BEGIN Material for the task
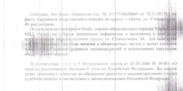 Номер жалобы:27038 Тип жалобы:Прочее Название объекта:"Шуры-муры" Регион:Пермский край Город:Пермь Адрес:Стахановская ул., 48 Описание жалобы:Город Пермь, ул. Стахановская-48, в доме на 1 этаже алкогольный магазин "Вина Кубани", все пьянствующие клиенты идут к нам во двор испражняться, а во дворе гуляют дети и мамочки с колясками. Плюсом ночной клуб "Шуры-Муры" - в 3-4 часа утра вываливает толпа посетителей и начинаются разборки: то девки пьяные истерят, то мужики дерутся, тут же пьют и писают, гул стоит до утра, а нам утром на работу - спать невозможно.
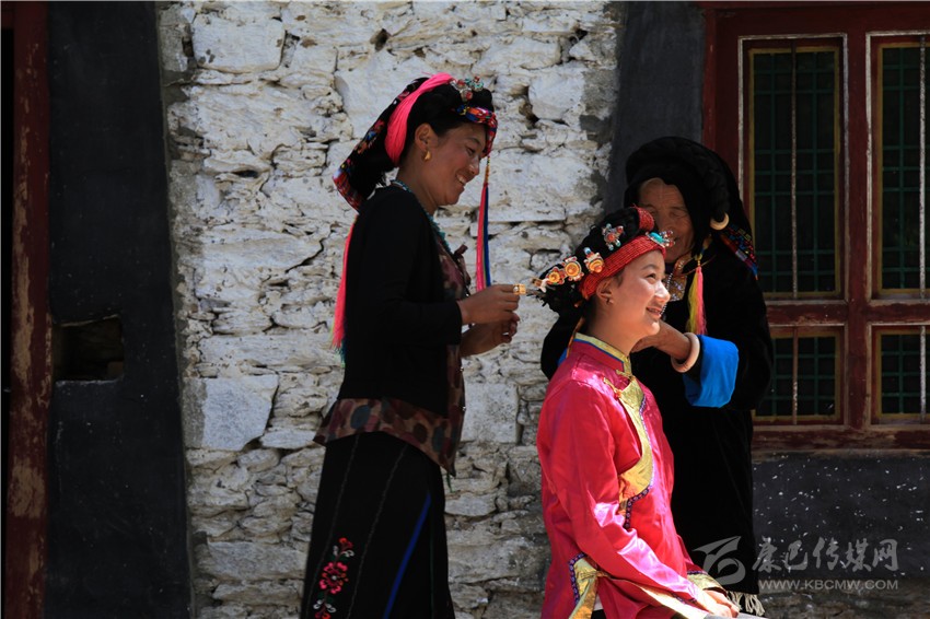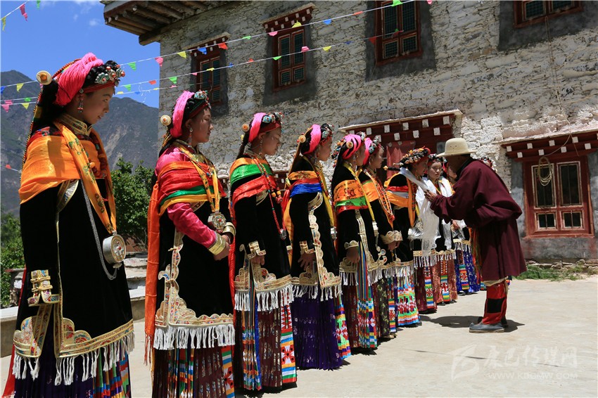 丹巴嘉絨藏族女子的成年禮一般以自然村落為單位,舉行的時間需請喇嘛或貢巴擇吉日,或在農(nóng)事有閑的時候。參加成年禮的成年女性人數(shù)不定,可集體、也可以單獨舉行,其原則是女子必須歲足17歲;若已足17歲,如遇農(nóng)事繁忙,也可適當延期。
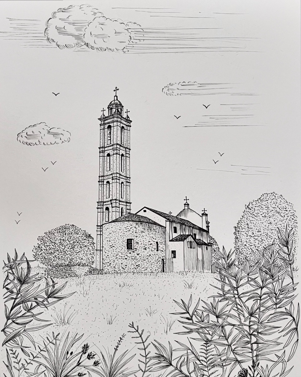 En utilisant des techniques variées telles que l'encre de Chine, le crayon, le stylo à encre ou l'aquarelle.
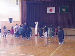 HOME > 学校の近況 > 学校の近況 > 基山盆踊り体験 3年 基山盆踊り体験 3年 入力日2026年2月2日 内容今日は、講師に福永先生をお迎えして、基山の盆踊りを教えていただきました。福永先生から盆踊りにまつわる由来や歴史について説明がありました。その後には、着物に着替えて盆踊りに挑戦しました。子供たちは、福永先生の美しい動作に合わせるように踊りました。きっとの夏の盆踊りでは、基山の盆踊りを披露してくれるでしょう。寒い中、講師を務めていただいた福永先生、また参観いただいた保護者の皆様ありがとうございました。 最後は、みんなで盆踊りを踊って終わりました。 閲覧数14 前へ
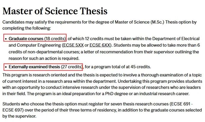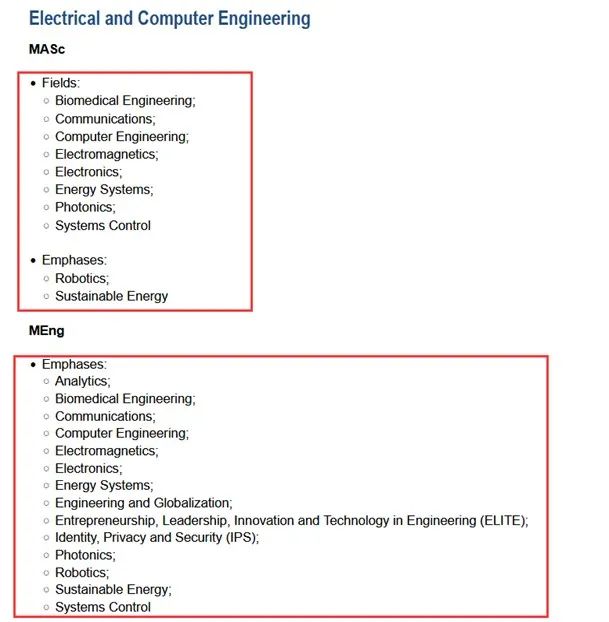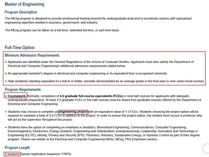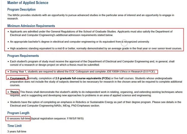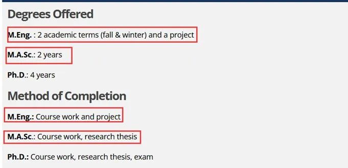 多大的ECE硕士隶属于The Edward S. Rogers Sr. Department of Electrical and Computer Engineering学院。分为授课型硕士(course-based)和研究型硕士(research-based)。 其中授课型将授予工程硕士学位Master of Engineering ,而研究型的将授予应用科学硕士学位Master of Applied Science。 多大的研究型硕士需要先期匹配导师并进行套磁,若有导师觉得你的科研能力和经历跟他的研究很匹配的情况下会主动跟学生安排面试,若面试通过后,可以直接拿到导师的offer,并在入学后加入导师的项目组,获得科研奖学金。这种研究型的硕士申请难度一般较大,特别是针对名校的申请,对套磁信和学生的硬性条件和软性背景要求均较高。因此在我们以往的申请中,多为申请授课型的硕士。 其实授课型和研究型两者研究领域相差不大,只是对于毕业条件的要求有所差距,具体对比如下: 从以上对比中可以看出,虽然官网列出的录取要求是一样的,但是研究型比授课型整整多出来一倍的学习时长即3个session,因此两者对于申请者的科研能力要求上还是有所差距的,所以针对一般的申请者,建议以申请授课型的MEng为主,以申请研究型的MASc为辅,以入围为主要目的,突围为锦上添花,这样才能确保更稳妥的结果。
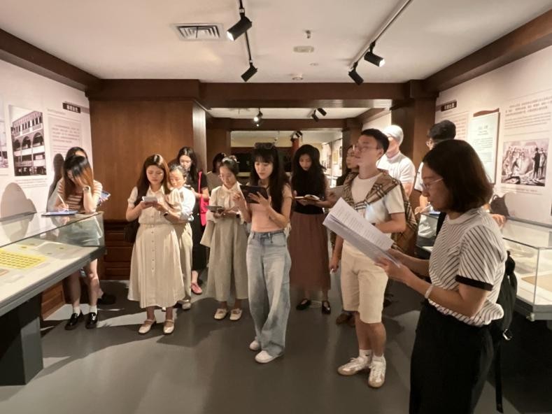 5月29日上午,中欧电竞东南亚系泰语专业19名师生前往中国华侨历史博物馆开展联合实践教学活动,主要依托馆内南洋华侨华人文物及史料,开展了多模态翻译实训、口译情景模拟及文学-社会历史交互学习教学实践,以深化“泰语翻译教程”、“泰语高阶口译研究与实践”及“泰国文学史”三门专业必修课程的思政维度。本次教学活动由东南亚系泰语专业主任熊燃助理教授与万悦容副教授共同带队,参与学生涵盖本、硕两个培养层次共17人。
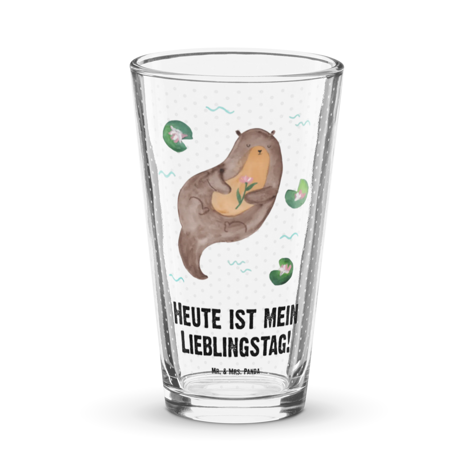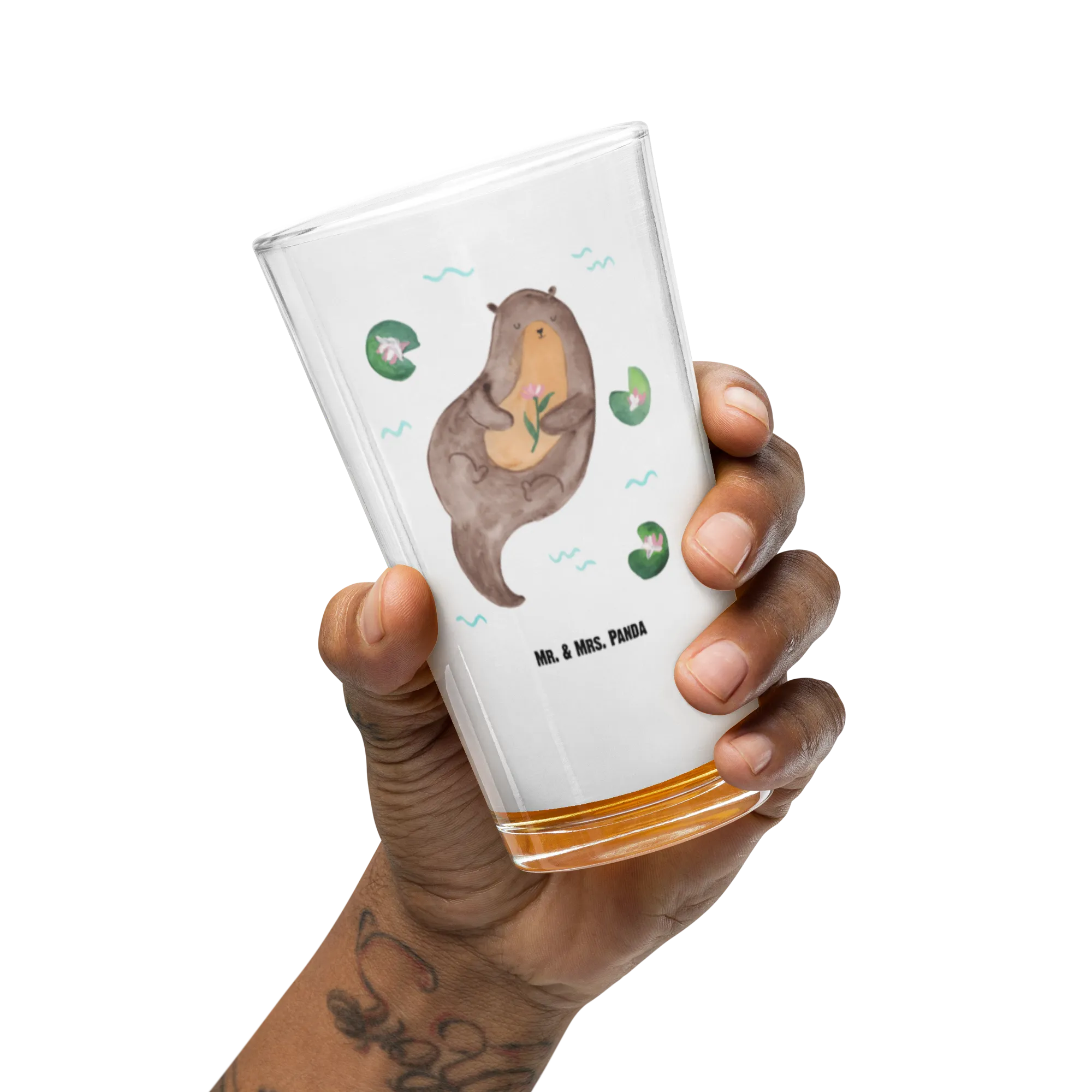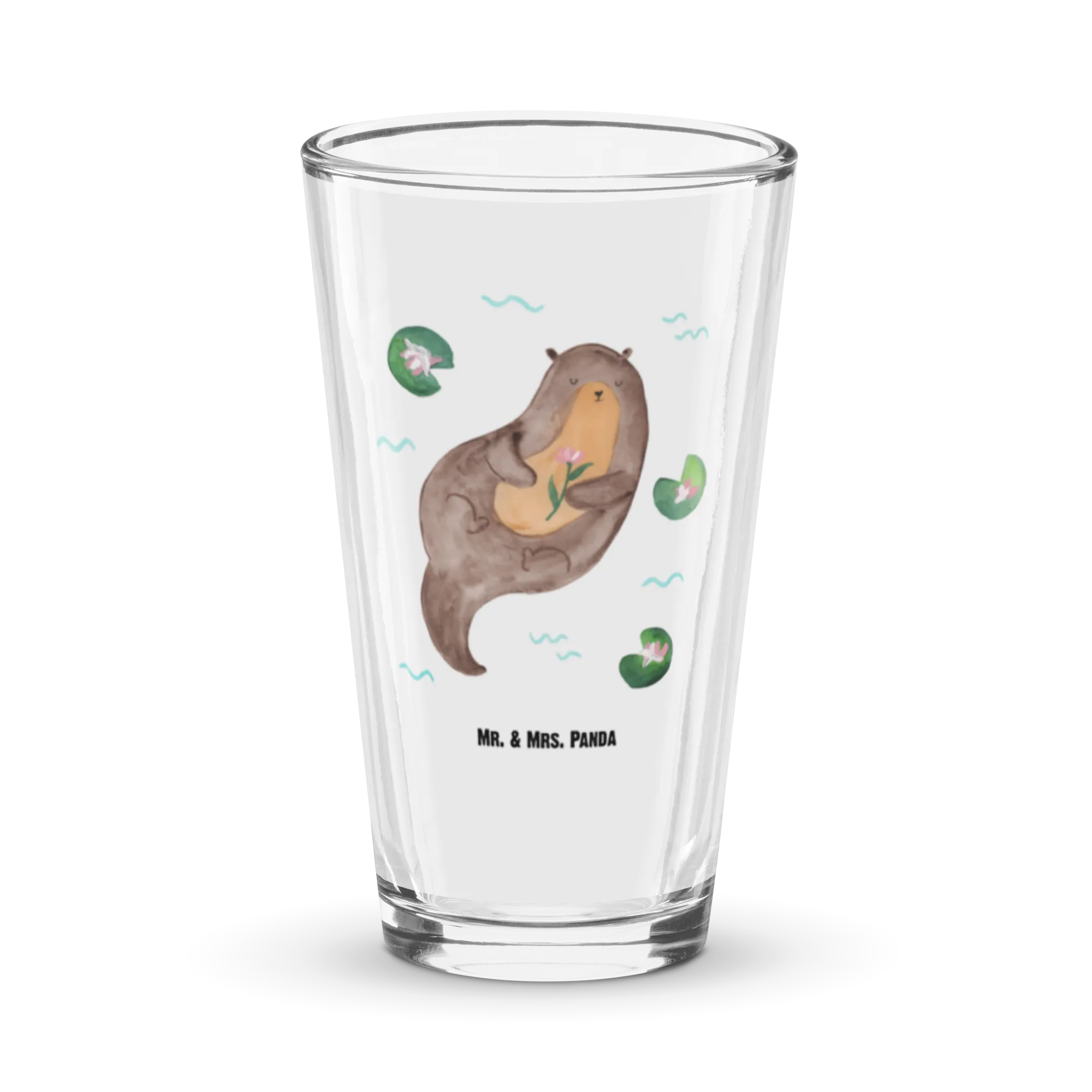 Entdecke das perfekte Geschenk mit unserem Premium Trinkglas Otter mit Seerose aus der Otter-Kollektion von Mr. & Mrs. Panda! Dieses edle und hochwertige Trinkglas begeistert mit einem zauberhaften Motiv eines Otters, der fröhlich durch Seerosen schwimmt. Ideal für all diejenigen, die die Natur und besonders Otter lieben!
END Material for the task
Any pictures are to be skipped, and the lines from the beginning of the entries through the line with "多大的ECE硕士隶属于The Edward S." copied exactly.

## Response below
 Номер жалобы:27038 Тип жалобы:Прочее Название объекта:"Шуры-муры" Регион:Пермский край Город:Пермь Адрес:Стахановская ул., 48 Описание жалобы:Город Пермь, ул. Стахановская-48, в доме на 1 этаже алкогольный магазин "Вина Кубани", все пьянствующие клиенты идут к нам во двор испражняться, а во дворе гуляют дети и мамочки с колясками. Плюсом ночной клуб "Шуры-Муры" - в 3-4 часа утра вываливает толпа посетителей и начинаются разборки: то девки пьяные истерят, то мужики дерутся, тут же пьют и писают, гул стоит до утра, а нам утром на работу - спать невозможно.
 丹巴嘉絨藏族女子的成年禮一般以自然村落為單位,舉行的時間需請喇嘛或貢巴擇吉日,或在農(nóng)事有閑的時候。參加成年禮的成年女性人數(shù)不定,可集體、也可以單獨舉行,其原則是女子必須歲足17歲;若已足17歲,如遇農(nóng)事繁忙,也可適當延期。
 En utilisant des techniques variées telles que l'encre de Chine, le crayon, le stylo à encre ou l'aquarelle.
 HOME > 学校の近況 > 学校の近況 > 基山盆踊り体験 3年 基山盆踊り体験 3年 入力日2026年2月2日 内容今日は、講師に福永先生をお迎えして、基山の盆踊りを教えていただきました。福永先生から盆踊りにまつわる由来や歴史について説明がありました。その後には、着物に着替えて盆踊りに挑戦しました。子供たちは、福永先生の美しい動作に合わせるように踊りました。きっとの夏の盆踊りでは、基山の盆踊りを披露してくれるでしょう。寒い中、講師を務めていただいた福永先生、また参観いただいた保護者の皆様ありがとうございました。 最後は、みんなで盆踊りを踊って終わりました。 閲覧数14 前へ
 多大的ECE硕士隶属于The Edward S. Rogers Sr. Department of Electrical and Computer Engineering学院。分为授课型硕士(course-based)和研究型硕士(research-based)。 其中授课型将授予工程硕士学位Master of Engineering ,而研究型的将授予应用科学硕士学位Master of Applied Science。 多大的研究型硕士需要先期匹配导师并进行套磁,若有导师觉得你的科研能力和经历跟他的研究很匹配的情况下会主动跟学生安排面试,若面试通过后,可以直接拿到导师的offer,并在入学后加入导师的项目组,获得科研奖学金。这种研究型的硕士申请难度一般较大,特别是针对名校的申请,对套磁信和学生的硬性条件和软性背景要求均较高。因此在我们以往的申请中,多为申请授课型的硕士。 其实授课型和研究型两者研究领域相差不大,只是对于毕业条件的要求有所差距,具体对比如下: 从以上对比中可以看出,虽然官网列出的录取要求是一样的,但是研究型比授课型整整多出来一倍的学习时长即3个session,因此两者对于申请者的科研能力要求上还是有所差距的,所以针对一般的申请者,建议以申请授课型的MEng为主,以申请研究型的MASc为辅,以入围为主要目的,突围为锦上添花,这样才能确保更稳妥的结果。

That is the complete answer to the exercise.